• **TASK DIRECTIONS**: Return exactly the lines of the records below, starting at the line that contains "superior). . . ." and ending at the line that contains "Ngày 08 tháng", with both of those lines kept.

RECORDS SHOWN: Begin

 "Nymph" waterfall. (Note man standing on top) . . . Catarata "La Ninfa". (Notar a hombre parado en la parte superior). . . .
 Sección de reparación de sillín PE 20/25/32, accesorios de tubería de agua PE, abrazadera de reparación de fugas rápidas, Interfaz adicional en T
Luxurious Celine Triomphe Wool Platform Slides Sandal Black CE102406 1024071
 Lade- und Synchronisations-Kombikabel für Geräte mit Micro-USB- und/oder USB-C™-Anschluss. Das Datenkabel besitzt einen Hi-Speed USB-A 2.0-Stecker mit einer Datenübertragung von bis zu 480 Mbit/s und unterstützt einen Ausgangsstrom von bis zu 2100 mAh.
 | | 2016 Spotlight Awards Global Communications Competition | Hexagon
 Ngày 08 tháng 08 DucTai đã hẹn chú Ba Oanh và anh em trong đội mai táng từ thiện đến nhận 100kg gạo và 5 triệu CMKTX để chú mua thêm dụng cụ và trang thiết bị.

RECORDS SHOWN: End
RECORDS SHOWN: Begin

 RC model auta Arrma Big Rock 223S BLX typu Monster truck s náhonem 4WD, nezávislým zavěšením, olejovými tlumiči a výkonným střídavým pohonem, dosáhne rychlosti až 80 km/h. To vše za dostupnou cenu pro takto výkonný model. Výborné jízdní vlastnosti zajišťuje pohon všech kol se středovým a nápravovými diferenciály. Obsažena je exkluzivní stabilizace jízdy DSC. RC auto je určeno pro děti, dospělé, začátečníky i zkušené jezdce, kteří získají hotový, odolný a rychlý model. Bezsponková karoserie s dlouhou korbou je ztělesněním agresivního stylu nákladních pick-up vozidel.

RECORDS SHOWN: End
RECORDS SHOWN: Begin

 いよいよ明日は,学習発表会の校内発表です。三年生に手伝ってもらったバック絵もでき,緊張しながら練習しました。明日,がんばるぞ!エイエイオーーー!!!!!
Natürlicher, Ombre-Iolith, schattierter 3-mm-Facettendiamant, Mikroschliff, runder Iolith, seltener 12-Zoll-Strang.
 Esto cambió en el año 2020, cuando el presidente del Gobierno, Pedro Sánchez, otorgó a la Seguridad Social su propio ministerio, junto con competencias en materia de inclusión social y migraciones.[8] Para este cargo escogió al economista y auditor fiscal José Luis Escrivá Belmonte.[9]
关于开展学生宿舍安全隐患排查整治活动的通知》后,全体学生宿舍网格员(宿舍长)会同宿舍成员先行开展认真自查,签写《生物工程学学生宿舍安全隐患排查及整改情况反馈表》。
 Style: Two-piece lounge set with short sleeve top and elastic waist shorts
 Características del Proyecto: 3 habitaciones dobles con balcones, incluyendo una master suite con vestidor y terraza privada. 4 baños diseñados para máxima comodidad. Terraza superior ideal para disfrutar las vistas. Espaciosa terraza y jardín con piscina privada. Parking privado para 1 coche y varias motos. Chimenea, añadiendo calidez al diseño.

RECORDS SHOWN: End

• **EXERCISE ANSWER**:
 "Nymph" waterfall. (Note man standing on top) . . . Catarata "La Ninfa". (Notar a hombre parado en la parte superior). . . .
 Sección de reparación de sillín PE 20/25/32, accesorios de tubería de agua PE, abrazadera de reparación de fugas rápidas, Interfaz adicional en T
Luxurious Celine Triomphe Wool Platform Slides Sandal Black CE102406 1024071
 Lade- und Synchronisations-Kombikabel für Geräte mit Micro-USB- und/oder USB-C™-Anschluss. Das Datenkabel besitzt einen Hi-Speed USB-A 2.0-Stecker mit einer Datenübertragung von bis zu 480 Mbit/s und unterstützt einen Ausgangsstrom von bis zu 2100 mAh.
 | | 2016 Spotlight Awards Global Communications Competition | Hexagon
 Ngày 08 tháng 08 DucTai đã hẹn chú Ba Oanh và anh em trong đội mai táng từ thiện đến nhận 100kg gạo và 5 triệu CMKTX để chú mua thêm dụng cụ và trang thiết bị.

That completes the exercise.